His first impulse would be to not go.
He believed that he dared not go.
Then he knew that he dared not fail to go.
He would not change his clothes now.
In his sweatstained overalls he would traverse the late twilight of May and enter the kitchen.
The table was never set with food for him now.
Sometimes he would look at it as he passed and he would think,
‘My God.
When have I sat down in peace to eat.’
And he could not remember.
He would go on into the house and mount the stairs.
Already he would be hearing her voice.
It would increase as he mounted and until he reached the door to the bedroom.
The door would be shut, locked; from beyond it the monotonous steady voice came.
He could not distinguish the words; only the ceaseless monotone.
He dared not try to distinguish the words. He did not dare let himself know what she was at.
So he would stand there and wait, and after a while the voice would cease and she would open the door and he would enter.
As he passed the bed he would look down at the floor beside it and it would seem to him that he could distinguish the prints of knees and he would jerk his eyes away as if it were death that they had looked at.
Likely the lamp would not yet be lighted.
They did not sit down.
Again they stood to talk, as they used to do two years ago; standing in the dusk while her voice repeated its tale: “… not to school, then, if you don’t want to go ...
Do without that ...
Your soul.
Expiation of …” And he waiting, cold, still, until she had finished: “... hell ... forever and ever and ever …”
“No,” he said.
And she would listen as quietly, and he knew that she was not convinced and she knew that he was not.
Yet neither surrendered; worse: they would not let one another alone; he would not even go away.
And they would stand for a while longer in the quiet dusk peopled, as though from their loins, by a myriad ghosts of dead sins and delights, looking at one another’s still and fading face, weary, spent, and indomitable.
Then he would leave.
And before the door had shut and the bolt had shot to behind him, he would hear the voice again, monotonous, calm, and despairing, saying what and to what or whom he dared not learn nor suspect.

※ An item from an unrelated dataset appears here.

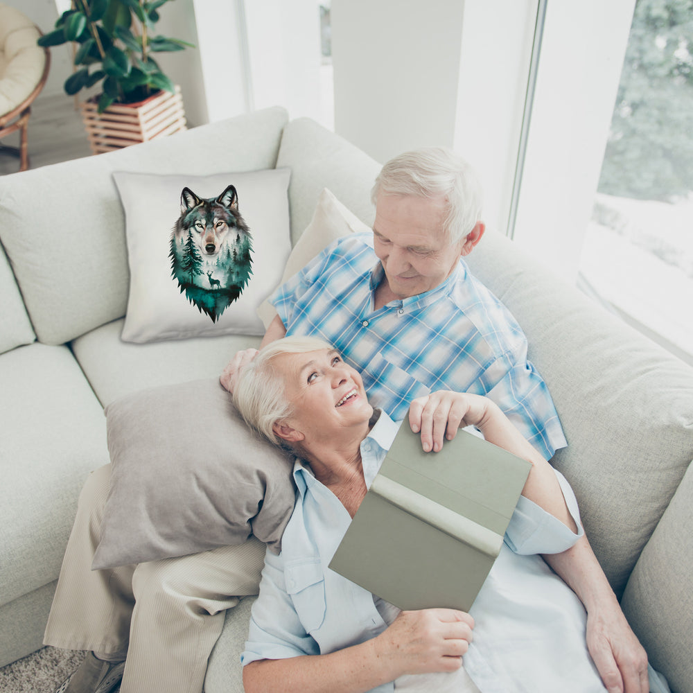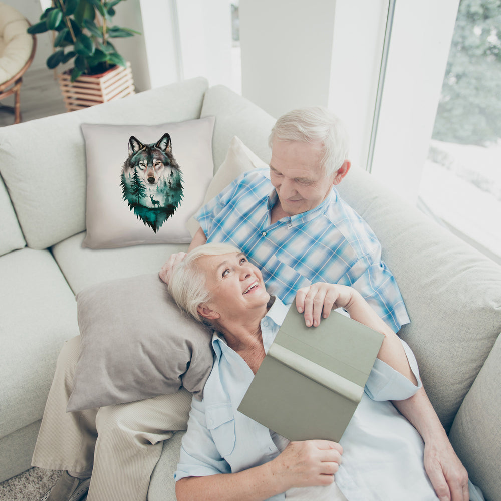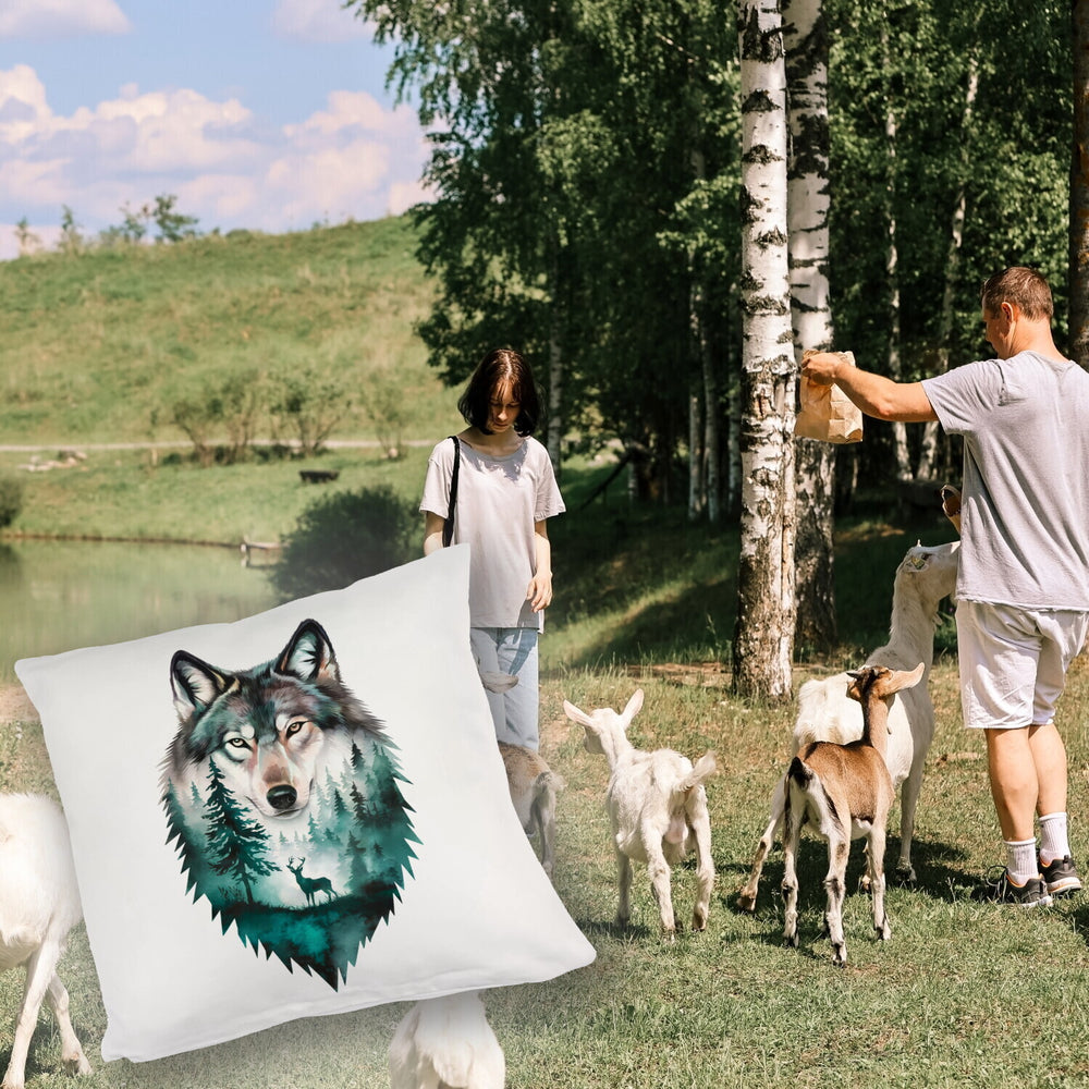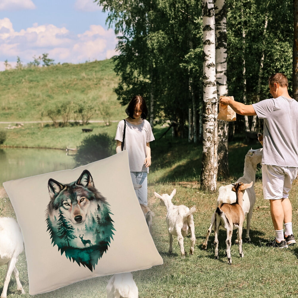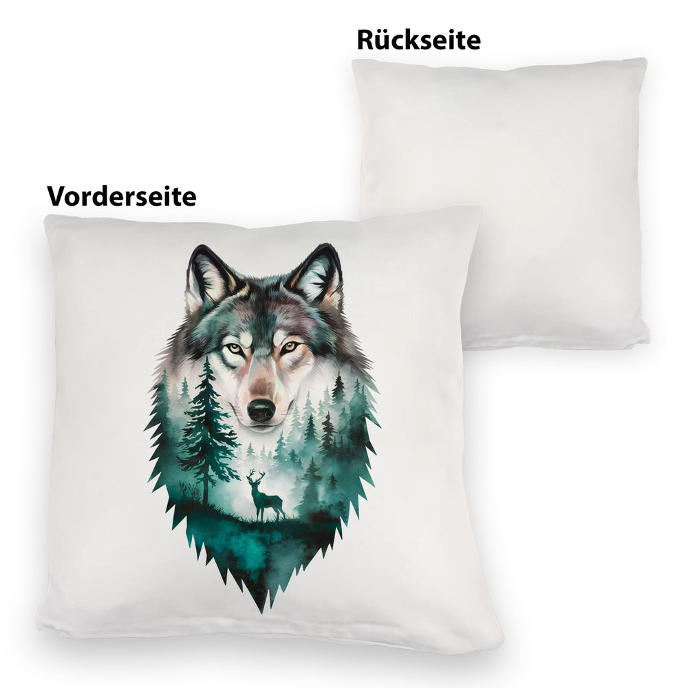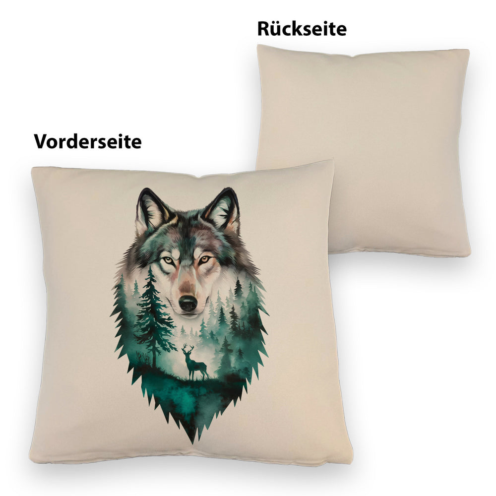 - Das Naturfreunde Kissen zeigt ein faszinierendes Wolf Aquarell Landschaft Motiv. Ein Wolf mit einer nebligen Waldlandschaft in seinem Zentrum, hohe Kiefern und die Silhouette eines Hirsches, dominieren in kühlen Grün- und Türkistönen. Der Kontrast zwischen scharfen Wolfslinien und weichem Hintergrund erzeugt ein eindrucksvolles Kunstwerk.
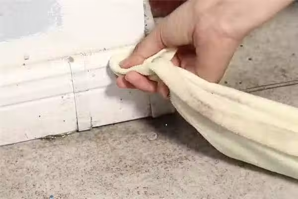 勒緊後再用它清潔墻角,硬幣是比較薄的,對於清理一些縫隙的地方非常的方便,而且清理起來也很徹底。擦完之後灰塵全部粘在毛巾上面了,清潔完之後我們就可以發現,這種縫隙變得特別的干凈。

And as he sat in the shadows of the ruined garden on that August night three months later and heard the clock in the courthouse two miles away strike ten and then eleven, he believed with calm paradox that he was the volitionless servant of the fatality in which he believed that he did not believe.
He was saying to himself I had to do it already in the past tense; I had to do it.
She said so herself.
She had said it two nights ago.
He found the note and went to her.
As he mounted the stairs the monotonous voice grew louder, sounded louder and clearer than usual.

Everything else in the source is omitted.